The value of passing by value

I’ve written in the past about how passing certain types by value in C++ would be more efficient than passing by constant reference. But it turns out that the ABI rules are somewhat more complex than what I said back in 2008. Time to investigate.

This is also prompted by the discussion on qreal on the Qt development mailing list. In trying to decide on the fate of qreal, we also run into the discussion of the geometric classes (point, size, rectangle, polygon) and the algebraic classes (matrixes, 2D and 3D vectors) and whether they should use single- or double-precision. I’m not going to go into the arguments discussed there, I’m merely focussing here on the ABI.

Problem statement

Before we go into the ABI documentation and try to compile code, we need to define what problem we’re trying to solve. In general terms, I’m trying to find the most optimal way of passing small C++ structures: when is it better to pass by value, as opposed to by constant reference? And under those conditions, are there any important implications to the qreal discussion?

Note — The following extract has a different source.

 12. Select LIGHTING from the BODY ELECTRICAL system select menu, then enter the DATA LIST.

In the String Theory blog, I concluded that a small structure like QLatin1String, which contained exactly one pointer as a member, would benefit from passing by value. What other types of structures should we look at?

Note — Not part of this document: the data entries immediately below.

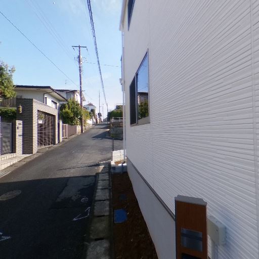 周辺住宅街の落ち着いた環境(確度70%):戸建てが並ぶ静かな住宅街で、背の高い建物や商業施設は見当たらない。
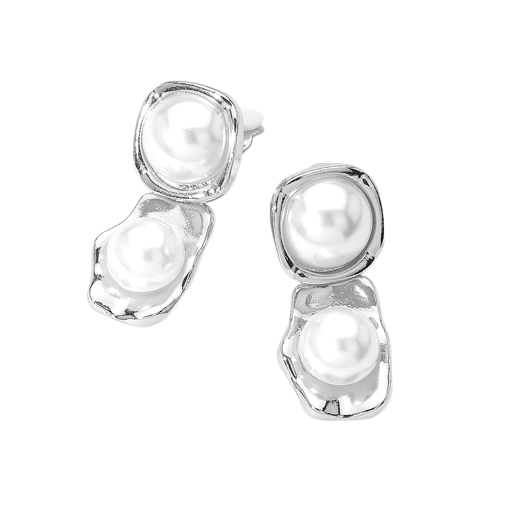Details • Size : 0.7" X 1.6" • Clip On • Modern clip-on earrings featuring a stacked double-round silhouette with smooth, reflective accents. Designed for non-pierced ears, this bold yet refined style adds dimension and elegance to both casual and dressy looks, making it a versatile choice for everyday wear, events, and special occasions. • Lead and Nickel Compliant
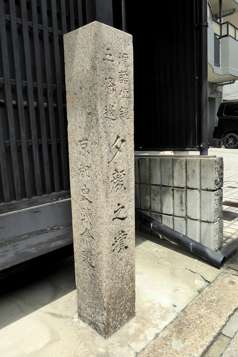 初夏の夕暮れに白い花を咲かせる、夕顔。「はかない恋」の花言葉を持つ、夕顔にまつわる石碑がある。前回、紹介した「鉄輪の井」から北へ、堺町通を200mほど上っていくと、風情ある民家の前に石碑が立っている。碑に刻まれた文字には、「源氏傳説 五条辺 夕顔之墳」とある。平安時代中期、紫式部によって書かれた王朝文学『源氏物語』。その登場人物で光源氏に愛された女人のひとり、「夕顔」の五輪塔がこの民家の庭あるという(公開されていない)。

Structures with more than one pointer
Structures with 32-bit integers on 64-bit architectures
Structures with floating-point (single and double precision)
Mixed-type and specialised structures found in Qt

I’ll investigate the x86-64, ARMv7 hard-float, MIPS hard-float (o32) and IA-64 ABIs because they are the ones I for which I have access to compilers. All of them support passing parameters by registers and have at least 4 integer registers used in parameter passing. Besides MIPS, all of them also have at least 4 floating-point registers used in parameter passing. See my earlier ABI detail blog for more information.

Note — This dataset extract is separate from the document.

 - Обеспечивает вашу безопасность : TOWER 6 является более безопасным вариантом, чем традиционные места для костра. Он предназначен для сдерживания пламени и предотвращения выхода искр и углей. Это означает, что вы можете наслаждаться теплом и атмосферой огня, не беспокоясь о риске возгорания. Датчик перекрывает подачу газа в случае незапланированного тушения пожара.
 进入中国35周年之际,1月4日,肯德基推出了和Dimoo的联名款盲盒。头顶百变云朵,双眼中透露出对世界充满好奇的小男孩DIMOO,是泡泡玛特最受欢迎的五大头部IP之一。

So we will investigate what happens when you pass by value the following structures:

struct Pointers2
{
    void *p1, *p2;
};
struct Pointers4
{
    void *p1, *p2, *p3, *p4;
};
struct Integers2 // like QSize and QPoint
{
    int i1, i2;
};
struct Integers4 // like QRect
{
    int i1, i2, i3, i4;
};
template <typename F> struct Floats2 // like QSizeF, QPointF, QVector2D
{
    F f1, f2;
};
template <typename F> struct Floats3 // like QVector3D
{
    F f1, f2, f3;
};
template <typename F> struct Floats4 // like QRectF, QVector4D
{
    F f1, f2, f3, f4;
};
template <typename F> struct Matrix4x4 // like QGenericMatrix<4, 4>
{
    F m[4][4];
};
struct QChar
{
    unsigned short ucs;
};
struct QLatin1String
{
    const char *str;
    int len;
};
template <typename F> struct QMatrix
{
    F _m11, _m12, _m21, _m22, _dx, _dy;
};
template <typename F> struct QMatrix4x4 // like QMatrix4x4
{
    F m[4][4];
    int f;
};

And we’ll analyse the assembly of the following program:

template <typename T> void externalFunction(T);
template <typename T> void passOne()
{
    externalFunction(T());
}
template <typename T> T externalReturningFunction();
template <typename T> void returnOne()
{
    externalReturningFunction<T>();
}
// C++11 explicit template instantiation
template void passOne<Pointers2>();
template void passOne<Pointers4>();
template void passOne<Integers2>();
template void passOne<Integers4>();
template void passOne<Floats2<float> >();
template void passOne<Floats2<double> >();
template void passOne<Floats3<float> >();
template void passOne<Floats3<double> >();
template void passOne<Floats4<float> >();
template void passOne<Floats4<double> >();
template void passOne<Matrix4x4<float> >();
template void passOne<Matrix4x4<double> >();
template void passOne<QChar>();
template void passOne<QLatin1String>();
template void passOne<QMatrix<float> >();
template void passOne<QMatrix<double> >();
template void passOne<QMatrix4x4<float> >();
template void passOne<QMatrix4x4<double> >();
template void returnOne<Pointers2>();
template void returnOne<Pointers4>();
template void returnOne<Integers2>();
template void returnOne<Integers4>();
template void returnOne<Floats2<float> >();
template void returnOne<Floats2<double> >();
template void returnOne<Floats3<float> >();
template void returnOne<Floats3<double> >();
template void returnOne<Floats4<float> >();
template void returnOne<Floats4<double> >();
template void returnOne<Matrix4x4<float> >();
template void returnOne<Matrix4x4<double> >();
template void returnOne<QChar>();
template void returnOne<QLatin1String>();
template void returnOne<QMatrix<float> >();
template void returnOne<QMatrix<double> >();
template void returnOne<QMatrix4x4<float> >();
template void returnOne<QMatrix4x4<double> >();

In addition, we’re interested in what happens to non-structure floating point parameters: are they promoted or not? So we’ll also test the following:

void passFloat()
{
    void externalFloat(float, float, float, float);
    externalFloat(1.0f, 2.0f, 3.0f, 4.0f);
}
void passDouble()
{
    void externalDouble(double, double, double, double);
    externalDouble(1.0f, 2.0f, 3.0f, 4.0f);
}
float returnFloat()
{
    return 1.0f;
}
double returnDouble()
{
    return 1.0;
}

Analysis of the output

x86-64

You might have noticed I skipped old-style 32-bit x86. That was intentional, since that platform does not support passing by registers anyway. The only conclusion we could draw from that would be:

whether the structures are stored in the stack in the place of the argument, or whether they’re stored elsewhere and it’s passed by pointer
whether single-precision floating-point is promoted to double-precision

Moreover, I’m intentionally ignoring it because I want people to start thinking of the new ILP32 ABI for x86-64, enabled by GCC 4.7′s -mx32 switch, which follows the same ABI as the one described below (with the exception that pointers are 32-bit).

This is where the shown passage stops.